Konflikt Kanye Westa, Taylor Swift i Kim Kardashian rozpoczął się od utworu rapera - Famous. W utworze padają niepochlebne słowa na temat Taylor, a w teledysku można było zobaczyć ją nago leżącą obok Kanye Westa. Taylor strasznie się wkurzyła i powiedziała, że nie wyrażała zgody na użycie swojego wizerunku w piosence rapera. Ostatnio jednak głos w sprawie zabrała Kim Kardashian.
Na Snapchacie modelka opublikowała nagrania na których widać jak Kanye West rozmawia z Taylor Swift na temat piosenki Famous. "Użyj takich wersów, które uważasz za najlepsze" - zachęca w rozmowie Taylor Swift i obiecuje, że podczas zbliżającej się wówczas gali Grammy będzie mówić w wywiadach, iż Kanye zadzwonił do niej i omówił z nią piosenkę Famous.
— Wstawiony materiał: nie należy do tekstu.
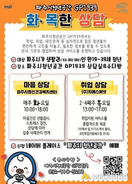 파주시는 청년들의 심리 안정과 취업 역량 강화를 위해 파주시청년공간 지피(GP)1939에서 진행하는 상담 프로그램 ‘화·목한 상담’의 참여자를 모집한다.
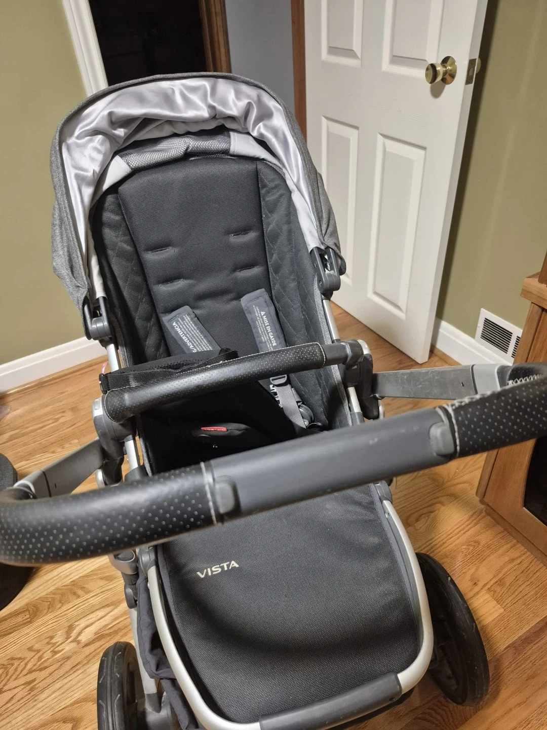 Selling an UPPAbaby VISTA stroller in great condition! It comes with the bassinet attachment, perfect for newborns. The stroller is grey and made of 100% polyester. Manufactured in Feb 2019.
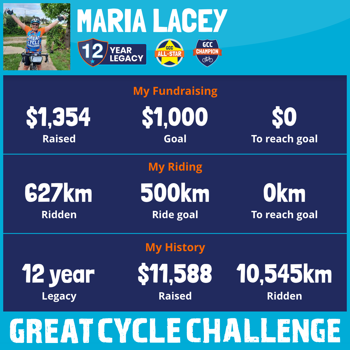 627 km Ridden$1,354 Raised2025
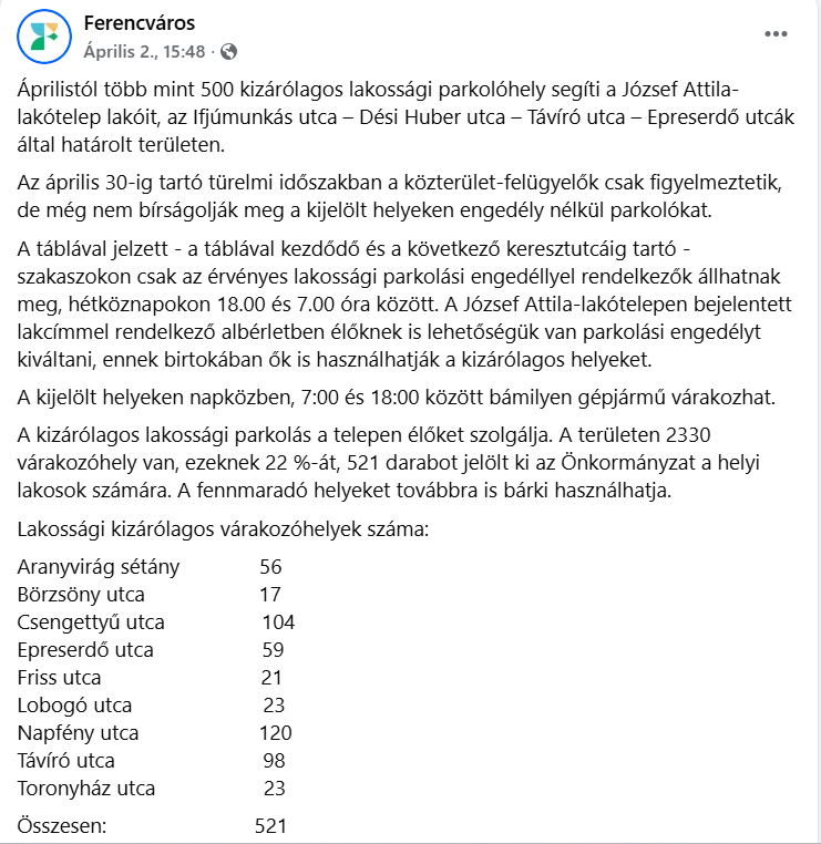 A legszebb az egészben, hogy olyan utcákban is fizetős engedélyhez kötötték az esti parkolást, ahol nappal nem kell fizetni a parkolásért.
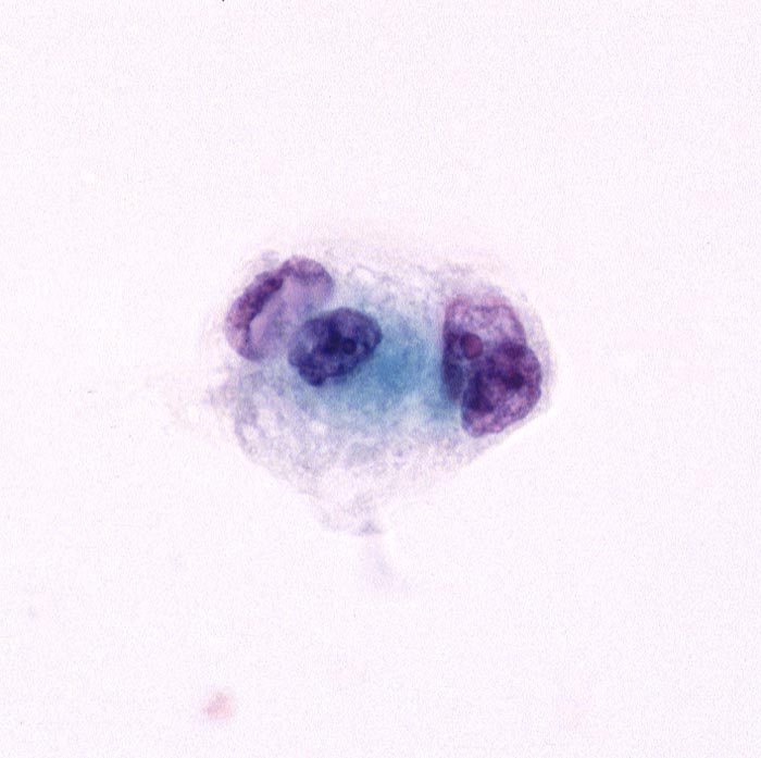 Ggrossleibige Zellen mit grobstrukturiertem Kern und auffallend plumpen Nukleolen. Der Zytoplasmaleib ist abgerundet und schaumig strukturiert .

Niedawno aferę skomentowała sama Swift. „Gdzie jest video, w którym Kanye mówi mi, że zamierza nazwać mnie 'tą dzi*ką' w swojej piosence? Nie istnieje, bo to się nie wydarzyło. Chciałam okazać Kanye'mu wsparcie podczas rozmowy telefonicznej, ale nie można 'zatwierdzić' piosenki, której się nie słyszało. Bycie fałszywie przedstawioną jako kłamczucha, podczas gdy nigdy nie przedstawiono mi pełnej wersji ani nie zagrano żadnego fragmentu piosenki, to zamach na mój charakter” - napisała Swift.
Skandal odbił się szerokim echem w szoł-biznesie. Skomentowała go między innymi Fergie, która zazwyczaj stroni od pchania się w gwiazdorskie konflikty. Piosenkarka uważa, że cała ta wielka kłótnia może być zaplanowana.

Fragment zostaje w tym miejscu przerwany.